Mieux intégrer les critères environnementaux dans les décisions de financement et d'investissement

Nathalie Jaubert déléguée à la RSE chez BNP Paribas nous propose un avis d'expert sur l'intégration de critères environnementaux dans les décisions de financement et d'investissement des banques.

Publié le 04/06/2012

Les banques sont devenues incontournables dans la transition vers une économie plus verte et plus durable. Si leur rôle dans le financement des infrastructures vertes et des énergies renouvelables est bien identifié, leur effort doit également porter sur l'intégration de critères environnementaux dans leurs décisions de financement et d'investissement, en priorité dans les secteurs sensibles et à terme dans tous les secteurs.

La crise de 2008 a révélé le pouvoir d'influence considérable des banques sur l'économie. Interrogées voire décriées, elles subissent une double injonction : continuer à financer l'économie dans toute sa complexité tout en étant plus transparente. Leur responsabilité indirecte est de plus en plus recherchée : leurs parties prenantes externes (clients, actionnaires, investisseurs institutionnels, ONG) les interpellent de façon récurrente sur les actifs qu'elles financent et sur le comportement de grands clients qu'elles accompagnent dans leur développement.

Au-delà de toute polémique, il est donc devenu impératif pour elles d'être en mesure d'expliciter leurs décisions de financement et d'investissement. Comment les banques peuvent-elles aujourd'hui faire face au défi de répondre à des besoins mondiaux toujours croissants tout en encourageant le développement d'une production «durable» ?

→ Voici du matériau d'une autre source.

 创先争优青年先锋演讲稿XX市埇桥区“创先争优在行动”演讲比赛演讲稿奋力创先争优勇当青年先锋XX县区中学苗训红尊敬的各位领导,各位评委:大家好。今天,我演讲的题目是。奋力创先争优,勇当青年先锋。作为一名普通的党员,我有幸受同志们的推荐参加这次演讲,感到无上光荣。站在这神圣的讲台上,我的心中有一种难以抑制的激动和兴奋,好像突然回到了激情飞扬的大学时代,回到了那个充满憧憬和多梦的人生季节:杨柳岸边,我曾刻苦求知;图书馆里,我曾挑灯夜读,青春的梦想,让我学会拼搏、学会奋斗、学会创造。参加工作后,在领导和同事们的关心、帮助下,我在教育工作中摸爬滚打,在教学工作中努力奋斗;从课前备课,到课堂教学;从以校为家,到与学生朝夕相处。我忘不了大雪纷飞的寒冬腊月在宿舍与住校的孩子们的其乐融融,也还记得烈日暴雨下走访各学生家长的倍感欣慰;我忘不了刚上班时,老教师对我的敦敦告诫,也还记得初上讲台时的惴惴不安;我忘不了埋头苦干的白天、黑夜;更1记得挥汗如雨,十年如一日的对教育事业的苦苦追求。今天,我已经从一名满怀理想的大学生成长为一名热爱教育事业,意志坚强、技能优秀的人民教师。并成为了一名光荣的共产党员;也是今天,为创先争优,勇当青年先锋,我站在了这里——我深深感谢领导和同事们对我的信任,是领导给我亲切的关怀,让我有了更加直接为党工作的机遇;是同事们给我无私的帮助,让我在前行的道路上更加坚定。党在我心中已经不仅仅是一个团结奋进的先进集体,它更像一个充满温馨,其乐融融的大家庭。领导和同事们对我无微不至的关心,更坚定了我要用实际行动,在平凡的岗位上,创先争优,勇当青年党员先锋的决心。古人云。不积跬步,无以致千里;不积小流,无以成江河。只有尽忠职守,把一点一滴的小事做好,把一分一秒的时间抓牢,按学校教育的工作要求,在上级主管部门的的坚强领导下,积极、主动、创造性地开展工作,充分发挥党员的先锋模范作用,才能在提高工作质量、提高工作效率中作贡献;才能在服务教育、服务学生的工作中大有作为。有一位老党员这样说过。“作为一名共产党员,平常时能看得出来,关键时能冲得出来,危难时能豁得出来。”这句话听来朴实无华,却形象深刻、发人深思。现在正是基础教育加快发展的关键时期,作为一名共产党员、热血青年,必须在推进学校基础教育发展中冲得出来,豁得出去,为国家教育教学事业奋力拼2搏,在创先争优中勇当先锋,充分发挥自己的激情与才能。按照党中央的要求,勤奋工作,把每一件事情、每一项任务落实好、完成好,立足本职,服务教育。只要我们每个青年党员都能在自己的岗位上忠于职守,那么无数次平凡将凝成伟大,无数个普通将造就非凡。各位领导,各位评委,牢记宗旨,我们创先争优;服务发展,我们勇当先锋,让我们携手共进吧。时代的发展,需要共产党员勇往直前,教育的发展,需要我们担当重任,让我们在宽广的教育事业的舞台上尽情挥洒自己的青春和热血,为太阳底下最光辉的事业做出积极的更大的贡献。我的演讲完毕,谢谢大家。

L'intégration de critères ESG

Pour répondre à cette double attente, les banques doivent intégrer progressivement des critères Environnementaux, Sociaux et de Gouvernance (ESG) dans toutes ses décisions de financement et d'investissement. L'objectif est de mieux appréhender les risques potentiels afin de mieux identifier les projets à financer, les entreprises dans lesquelles investir, et les zones géographiques les plus sensibles. Ces critères sont d'autant plus importants chez BNP Paribas, qu'ils permettent d'objectiver la plus-value environnementale des financements et des investissements, une bonne gestion environnementale contribuant à une meilleure performance financière sur la durée. Leur prise en compte se fera progressivement car ils sont à la fois éloignés du cœur de métier de la banque (l'analyse financière du risque), à long terme et avec une faible probabilité d'occurrence mais à impact maximal s'ils se réalisent.

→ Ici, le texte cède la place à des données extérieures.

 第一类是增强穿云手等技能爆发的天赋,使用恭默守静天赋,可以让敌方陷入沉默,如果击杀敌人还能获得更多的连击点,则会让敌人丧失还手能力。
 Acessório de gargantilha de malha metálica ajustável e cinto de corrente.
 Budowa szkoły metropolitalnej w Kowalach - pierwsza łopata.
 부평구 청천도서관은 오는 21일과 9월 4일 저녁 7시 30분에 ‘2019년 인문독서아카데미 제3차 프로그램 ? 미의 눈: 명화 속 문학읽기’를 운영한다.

Encadrer les secteurs les plus sensibles

Les secteurs économiques les plus sensibles en termes environnementaux ou sociaux doivent être encadrés par des politiques de financement et d'investissement responsable qui s'appliquent à tous les produits et services, y compris à la gestion d‘actifs. En un peu plus d'un an, notre groupe a ainsi travaillé sur les secteurs de l'huile de palme, du nucléaire, des matières premières agricoles essentielles, de l'industrie de la pâte à papier et enfin l'électricité produite à partir du charbon.

Ce sont des chantiers très lourds : chaque politique nécessite six mois de travail en moyenne. Tous les acteurs (internes : métiers, risques… et externes : ONG, experts…) sont consultés afin d'aider à positionner les critères à un niveau suffisamment ambitieux pour avoir un réel impact sur l'environnement et la société mais également réaliste pour garantir leur mise en œuvre.

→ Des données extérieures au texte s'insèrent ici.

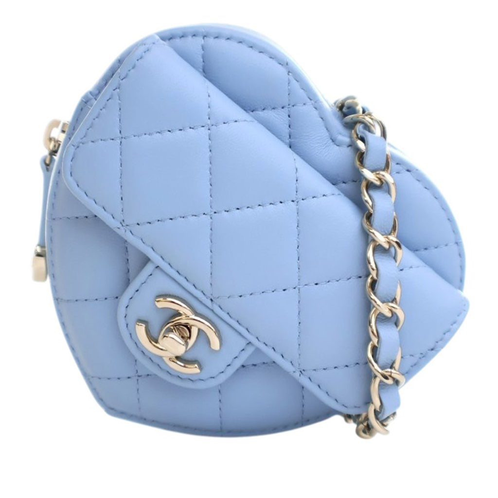 Chanel Mini Lambskin CC in Love Heart Belt Bag Blue Mini Lea

Un cas concret : le financement de l'industrie de l'huile de palme

En octobre 2010, BNP Paribas a adopté une politique visant à clarifier sa position concernant ses investissements et financements dans le secteur sujet à polémique de l'huile de palme. Cette politique spécifie les critères requis pour qu'une société produisant de l'huile de palme soit acceptée comme cliente ou comme cible d'investissement par la banque. Ensuite elle encourage les clients et partenaires impliqués dans le secteur à se faire certifier RSPO (Roundtable on Sustainable Palm Oil). Nous avons en effet identifié RSPO comme l'initiative présentant les meilleurs standards dans le secteur de l'huile de palme à ce jour.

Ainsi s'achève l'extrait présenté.